At the safe house, Edana had food that was like the food she would make at home, and a doctor from the Sudanese Red Crescent Society was on hand if she needed one.

A while after arriving at the safe house, Edana began to take part in some of the activities offered to residents, including computer skills training and tailoring. 

"I really liked doing the English classes as it gave me some more confidence; I even tried leading the class on some days", she says.

For Edana, the road to recovery had begun. When she eventually felt she was ready and able to begin to rebuild her life, the UNHCR were able to help resettle her in another country. 

"Now I am ready for the next steps in my life", she says.

Ongoing work at the safe house

Sadly, Edana won’t be the last person to face violence on the migratory route. According to the United Nations High Commissioner for Refugees, 67 per cent of identified human trafficking cases of women and girls in Kassala, Eastern Sudan, are survivors of sexual violence.

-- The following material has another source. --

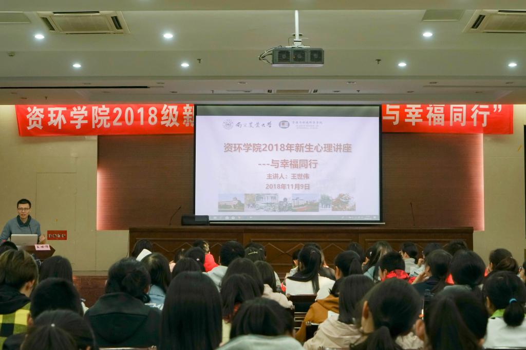 11月9日下午3:50,资环学院2018级新生心理讲座在资环楼一楼报告厅举行。本次活动特邀大学生心理健康教育中心主任、国家二级心理咨询师王世伟老师作为主讲,资环学院团委副书记王未未老师主持本场讲座。

It is also reported that 87 per cent of women and girls in Sudan have endured some form of FGM.

“Tragically, the experiences of women like Edana are all too common in this part of Sudan,” says Marina Tondo, humanitarian sexual and gender-based violence advisor for the British Red Cross.

“Our project comes at a critical and pivotal time for women and girls in Sudan and is being led by our amazing team of Sudanese women. Through their vital work, women and girls along the migratory route in Eastern Sudan will have their dignity, rights, and protection needs met, and be empowered to make informed decisions and experience safer migration paths. This life-changing programme is possible thanks to funds raised by players of People’s Postcode Lottery.”